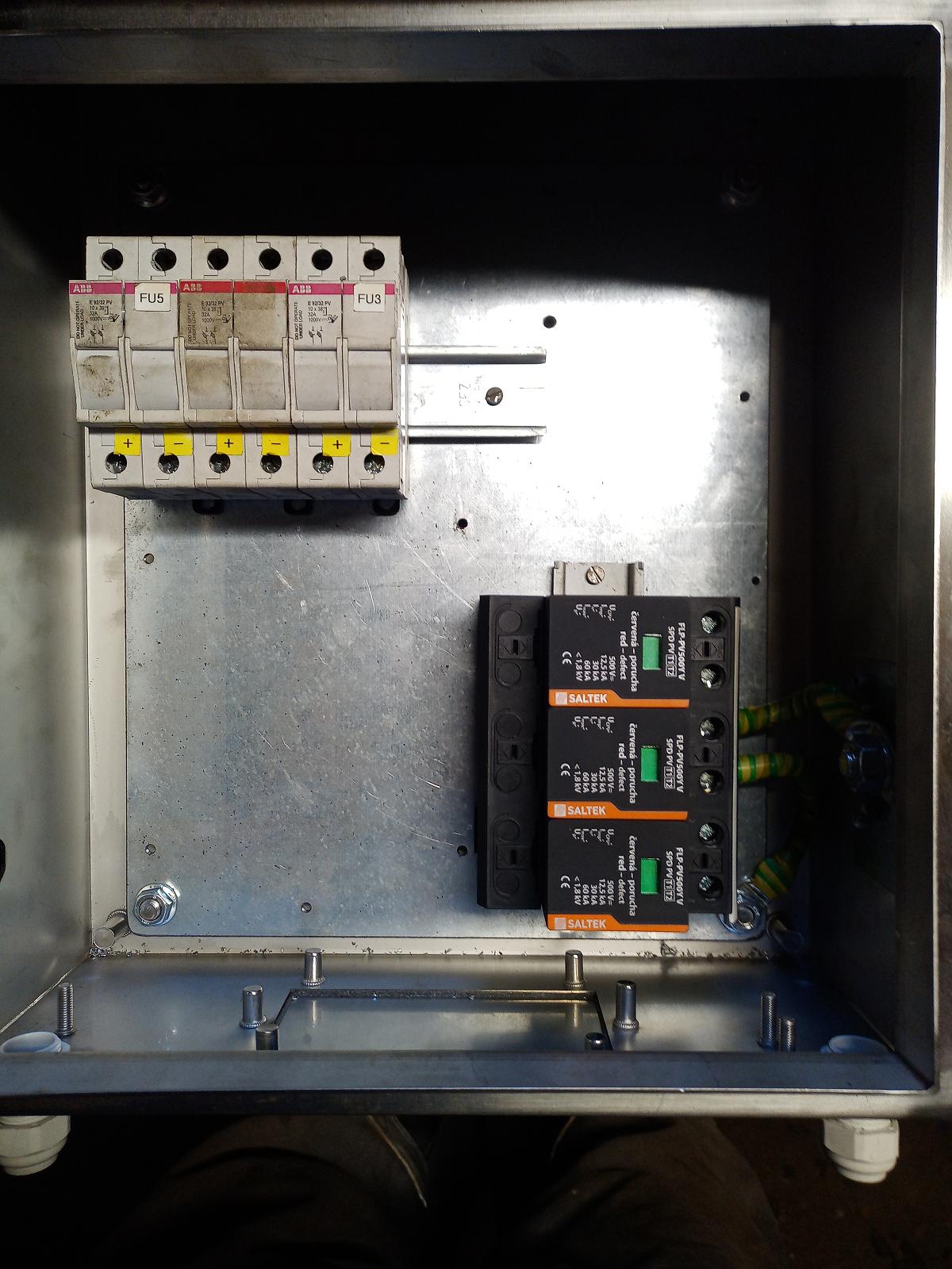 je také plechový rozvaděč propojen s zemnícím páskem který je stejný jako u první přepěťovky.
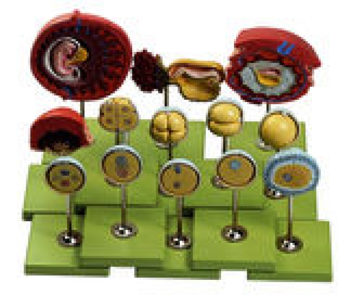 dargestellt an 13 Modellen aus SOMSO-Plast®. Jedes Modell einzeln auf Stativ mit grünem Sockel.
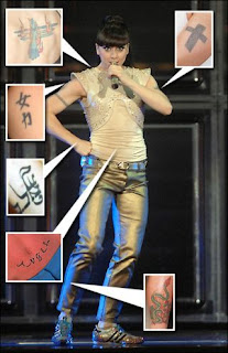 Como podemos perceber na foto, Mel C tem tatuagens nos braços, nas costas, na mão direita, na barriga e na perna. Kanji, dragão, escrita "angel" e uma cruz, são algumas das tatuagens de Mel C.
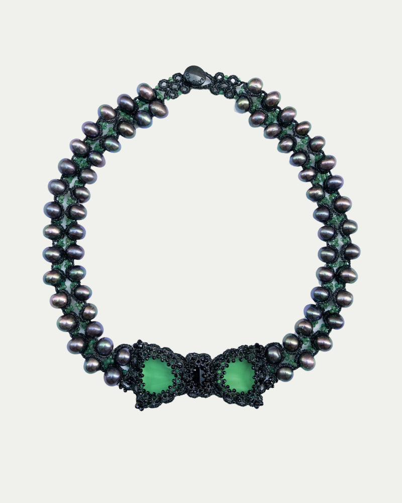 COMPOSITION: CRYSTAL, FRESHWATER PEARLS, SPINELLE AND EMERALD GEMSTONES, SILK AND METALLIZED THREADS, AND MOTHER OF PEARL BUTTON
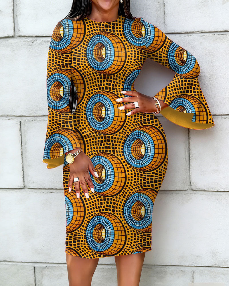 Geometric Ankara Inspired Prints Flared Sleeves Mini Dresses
-----
§ **Exercise**
The entries should be printed again exactly as written, leaving all pictures out.

§ **Worked solution**
 je také plechový rozvaděč propojen s zemnícím páskem který je stejný jako u první přepěťovky.
 dargestellt an 13 Modellen aus SOMSO-Plast®. Jedes Modell einzeln auf Stativ mit grünem Sockel.
 Como podemos perceber na foto, Mel C tem tatuagens nos braços, nas costas, na mão direita, na barriga e na perna. Kanji, dragão, escrita "angel" e uma cruz, são algumas das tatuagens de Mel C.
 COMPOSITION: CRYSTAL, FRESHWATER PEARLS, SPINELLE AND EMERALD GEMSTONES, SILK AND METALLIZED THREADS, AND MOTHER OF PEARL BUTTON
 Geometric Ankara Inspired Prints Flared Sleeves Mini Dresses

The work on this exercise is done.